***** EXTRACTED MATERIAL *****

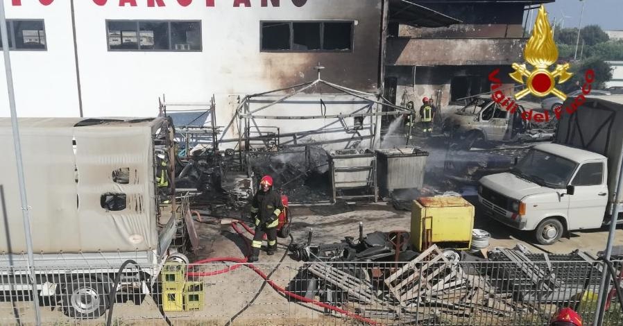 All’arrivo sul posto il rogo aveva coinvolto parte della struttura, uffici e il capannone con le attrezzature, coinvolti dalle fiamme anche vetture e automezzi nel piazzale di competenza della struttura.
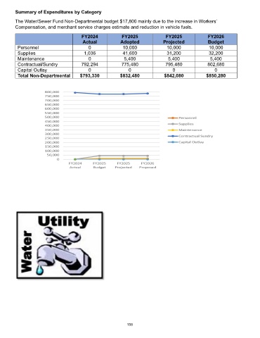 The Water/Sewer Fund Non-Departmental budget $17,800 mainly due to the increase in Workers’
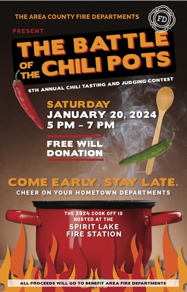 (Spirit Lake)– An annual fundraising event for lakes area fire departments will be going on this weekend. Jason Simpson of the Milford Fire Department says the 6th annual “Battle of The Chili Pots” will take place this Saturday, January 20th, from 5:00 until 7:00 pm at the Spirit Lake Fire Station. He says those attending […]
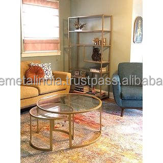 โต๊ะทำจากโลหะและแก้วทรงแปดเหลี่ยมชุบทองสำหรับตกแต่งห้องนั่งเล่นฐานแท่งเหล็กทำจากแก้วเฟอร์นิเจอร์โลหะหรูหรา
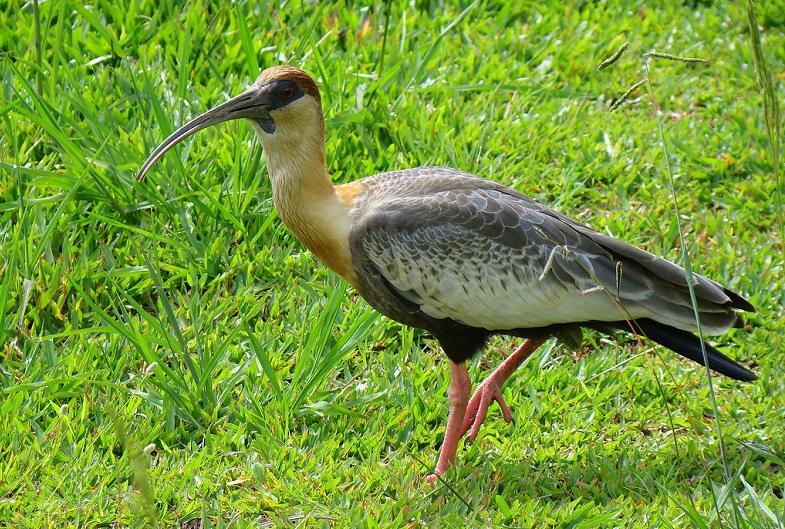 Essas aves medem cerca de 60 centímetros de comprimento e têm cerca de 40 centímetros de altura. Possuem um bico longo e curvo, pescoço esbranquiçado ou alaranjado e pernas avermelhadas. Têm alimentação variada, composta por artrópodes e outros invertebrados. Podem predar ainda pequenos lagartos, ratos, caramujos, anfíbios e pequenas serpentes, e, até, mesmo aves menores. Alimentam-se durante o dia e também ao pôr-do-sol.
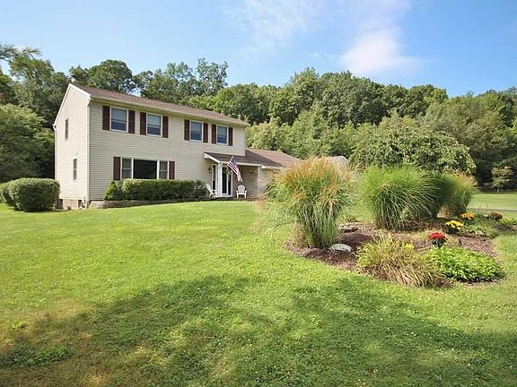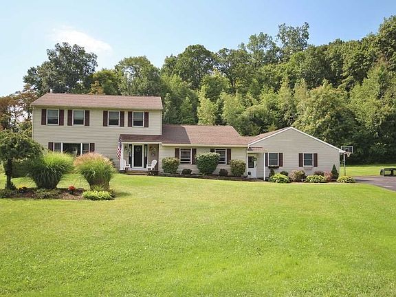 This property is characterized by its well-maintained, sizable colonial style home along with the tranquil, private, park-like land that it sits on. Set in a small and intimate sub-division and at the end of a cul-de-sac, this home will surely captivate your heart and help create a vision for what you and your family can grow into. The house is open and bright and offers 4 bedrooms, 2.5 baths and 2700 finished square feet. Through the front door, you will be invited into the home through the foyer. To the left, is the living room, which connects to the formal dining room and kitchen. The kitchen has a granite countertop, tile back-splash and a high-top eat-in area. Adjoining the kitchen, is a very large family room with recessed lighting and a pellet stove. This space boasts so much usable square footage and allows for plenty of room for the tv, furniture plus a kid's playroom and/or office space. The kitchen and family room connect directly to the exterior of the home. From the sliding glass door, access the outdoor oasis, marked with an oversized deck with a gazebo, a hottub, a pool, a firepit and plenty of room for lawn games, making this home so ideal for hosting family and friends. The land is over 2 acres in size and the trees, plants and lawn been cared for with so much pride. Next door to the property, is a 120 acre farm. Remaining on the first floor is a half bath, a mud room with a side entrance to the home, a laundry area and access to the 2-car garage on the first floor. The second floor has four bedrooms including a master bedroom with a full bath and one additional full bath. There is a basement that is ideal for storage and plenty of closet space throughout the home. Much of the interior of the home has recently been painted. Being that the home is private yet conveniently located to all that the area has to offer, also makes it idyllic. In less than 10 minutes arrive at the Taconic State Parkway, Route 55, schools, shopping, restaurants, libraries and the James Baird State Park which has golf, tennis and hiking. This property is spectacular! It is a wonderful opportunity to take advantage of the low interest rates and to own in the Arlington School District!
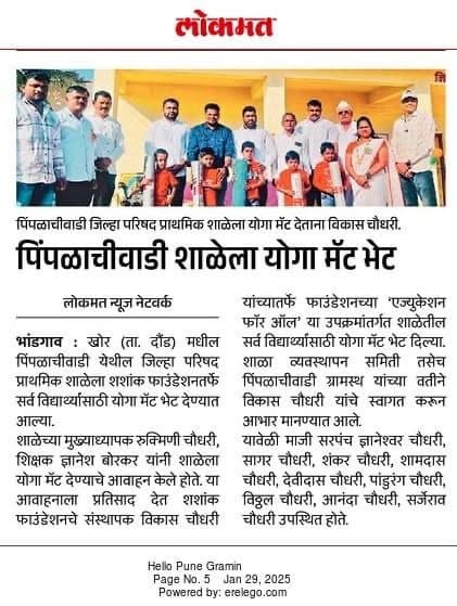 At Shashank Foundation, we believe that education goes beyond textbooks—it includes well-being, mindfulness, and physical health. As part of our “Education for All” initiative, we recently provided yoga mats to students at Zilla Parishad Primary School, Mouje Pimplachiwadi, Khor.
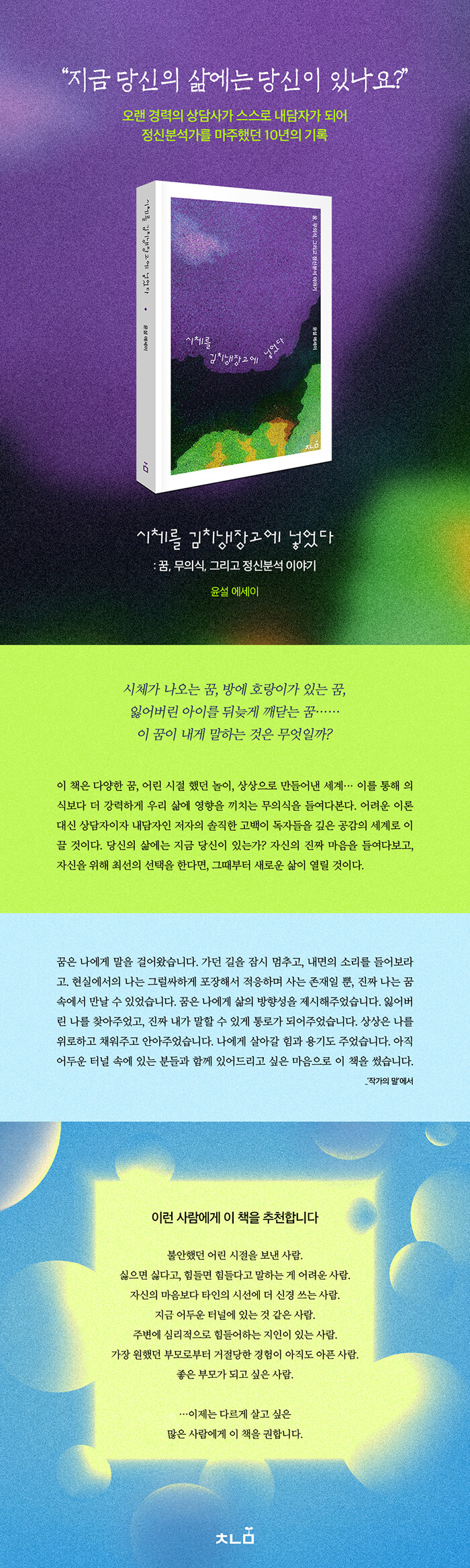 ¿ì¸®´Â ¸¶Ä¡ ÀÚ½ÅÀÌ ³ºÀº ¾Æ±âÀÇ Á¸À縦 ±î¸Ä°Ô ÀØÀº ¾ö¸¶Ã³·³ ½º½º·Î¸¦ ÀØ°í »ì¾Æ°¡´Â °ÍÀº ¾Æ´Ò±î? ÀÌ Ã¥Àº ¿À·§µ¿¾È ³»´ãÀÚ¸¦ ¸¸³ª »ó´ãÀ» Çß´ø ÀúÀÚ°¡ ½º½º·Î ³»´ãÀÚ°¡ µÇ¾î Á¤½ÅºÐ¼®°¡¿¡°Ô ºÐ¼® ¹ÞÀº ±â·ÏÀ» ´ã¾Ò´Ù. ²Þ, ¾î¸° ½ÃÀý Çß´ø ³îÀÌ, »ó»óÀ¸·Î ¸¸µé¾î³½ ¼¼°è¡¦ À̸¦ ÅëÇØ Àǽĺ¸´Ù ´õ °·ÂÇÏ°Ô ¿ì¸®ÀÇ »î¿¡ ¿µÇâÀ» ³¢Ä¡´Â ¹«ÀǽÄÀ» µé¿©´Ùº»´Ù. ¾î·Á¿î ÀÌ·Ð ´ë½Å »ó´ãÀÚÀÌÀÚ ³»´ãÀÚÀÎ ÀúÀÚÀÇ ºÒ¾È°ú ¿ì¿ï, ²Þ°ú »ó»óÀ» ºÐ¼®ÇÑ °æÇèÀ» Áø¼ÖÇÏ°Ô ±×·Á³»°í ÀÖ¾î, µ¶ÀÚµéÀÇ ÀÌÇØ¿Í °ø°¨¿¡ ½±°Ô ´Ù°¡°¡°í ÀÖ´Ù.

*****

- [TASK INSTRUCTIONS] Each record should be printed exactly as it appears, leaving the pictures out.

- [SOLUTION FOR THIS TASK]
 All’arrivo sul posto il rogo aveva coinvolto parte della struttura, uffici e il capannone con le attrezzature, coinvolti dalle fiamme anche vetture e automezzi nel piazzale di competenza della struttura.
 The Water/Sewer Fund Non-Departmental budget $17,800 mainly due to the increase in Workers’
 (Spirit Lake)– An annual fundraising event for lakes area fire departments will be going on this weekend. Jason Simpson of the Milford Fire Department says the 6th annual “Battle of The Chili Pots” will take place this Saturday, January 20th, from 5:00 until 7:00 pm at the Spirit Lake Fire Station. He says those attending […]
 โต๊ะทำจากโลหะและแก้วทรงแปดเหลี่ยมชุบทองสำหรับตกแต่งห้องนั่งเล่นฐานแท่งเหล็กทำจากแก้วเฟอร์นิเจอร์โลหะหรูหรา
 Essas aves medem cerca de 60 centímetros de comprimento e têm cerca de 40 centímetros de altura. Possuem um bico longo e curvo, pescoço esbranquiçado ou alaranjado e pernas avermelhadas. Têm alimentação variada, composta por artrópodes e outros invertebrados. Podem predar ainda pequenos lagartos, ratos, caramujos, anfíbios e pequenas serpentes, e, até, mesmo aves menores. Alimentam-se durante o dia e também ao pôr-do-sol.
 This property is characterized by its well-maintained, sizable colonial style home along with the tranquil, private, park-like land that it sits on. Set in a small and intimate sub-division and at the end of a cul-de-sac, this home will surely captivate your heart and help create a vision for what you and your family can grow into. The house is open and bright and offers 4 bedrooms, 2.5 baths and 2700 finished square feet. Through the front door, you will be invited into the home through the foyer. To the left, is the living room, which connects to the formal dining room and kitchen. The kitchen has a granite countertop, tile back-splash and a high-top eat-in area. Adjoining the kitchen, is a very large family room with recessed lighting and a pellet stove. This space boasts so much usable square footage and allows for plenty of room for the tv, furniture plus a kid's playroom and/or office space. The kitchen and family room connect directly to the exterior of the home. From the sliding glass door, access the outdoor oasis, marked with an oversized deck with a gazebo, a hottub, a pool, a firepit and plenty of room for lawn games, making this home so ideal for hosting family and friends. The land is over 2 acres in size and the trees, plants and lawn been cared for with so much pride. Next door to the property, is a 120 acre farm. Remaining on the first floor is a half bath, a mud room with a side entrance to the home, a laundry area and access to the 2-car garage on the first floor. The second floor has four bedrooms including a master bedroom with a full bath and one additional full bath. There is a basement that is ideal for storage and plenty of closet space throughout the home. Much of the interior of the home has recently been painted. Being that the home is private yet conveniently located to all that the area has to offer, also makes it idyllic. In less than 10 minutes arrive at the Taconic State Parkway, Route 55, schools, shopping, restaurants, libraries and the James Baird State Park which has golf, tennis and hiking. This property is spectacular! It is a wonderful opportunity to take advantage of the low interest rates and to own in the Arlington School District!
 At Shashank Foundation, we believe that education goes beyond textbooks—it includes well-being, mindfulness, and physical health. As part of our “Education for All” initiative, we recently provided yoga mats to students at Zilla Parishad Primary School, Mouje Pimplachiwadi, Khor.
 ¿ì¸®´Â ¸¶Ä¡ ÀÚ½ÅÀÌ ³ºÀº ¾Æ±âÀÇ Á¸À縦 ±î¸Ä°Ô ÀØÀº ¾ö¸¶Ã³·³ ½º½º·Î¸¦ ÀØ°í »ì¾Æ°¡´Â °ÍÀº ¾Æ´Ò±î? ÀÌ Ã¥Àº ¿À·§µ¿¾È ³»´ãÀÚ¸¦ ¸¸³ª »ó´ãÀ» Çß´ø ÀúÀÚ°¡ ½º½º·Î ³»´ãÀÚ°¡ µÇ¾î Á¤½ÅºÐ¼®°¡¿¡°Ô ºÐ¼® ¹ÞÀº ±â·ÏÀ» ´ã¾Ò´Ù. ²Þ, ¾î¸° ½ÃÀý Çß´ø ³îÀÌ, »ó»óÀ¸·Î ¸¸µé¾î³½ ¼¼°è¡¦ À̸¦ ÅëÇØ Àǽĺ¸´Ù ´õ °·ÂÇÏ°Ô ¿ì¸®ÀÇ »î¿¡ ¿µÇâÀ» ³¢Ä¡´Â ¹«ÀǽÄÀ» µé¿©´Ùº»´Ù. ¾î·Á¿î ÀÌ·Ð ´ë½Å »ó´ãÀÚÀÌÀÚ ³»´ãÀÚÀÎ ÀúÀÚÀÇ ºÒ¾È°ú ¿ì¿ï, ²Þ°ú »ó»óÀ» ºÐ¼®ÇÑ °æÇèÀ» Áø¼ÖÇÏ°Ô ±×·Á³»°í ÀÖ¾î, µ¶ÀÚµéÀÇ ÀÌÇØ¿Í °ø°¨¿¡ ½±°Ô ´Ù°¡°¡°í ÀÖ´Ù.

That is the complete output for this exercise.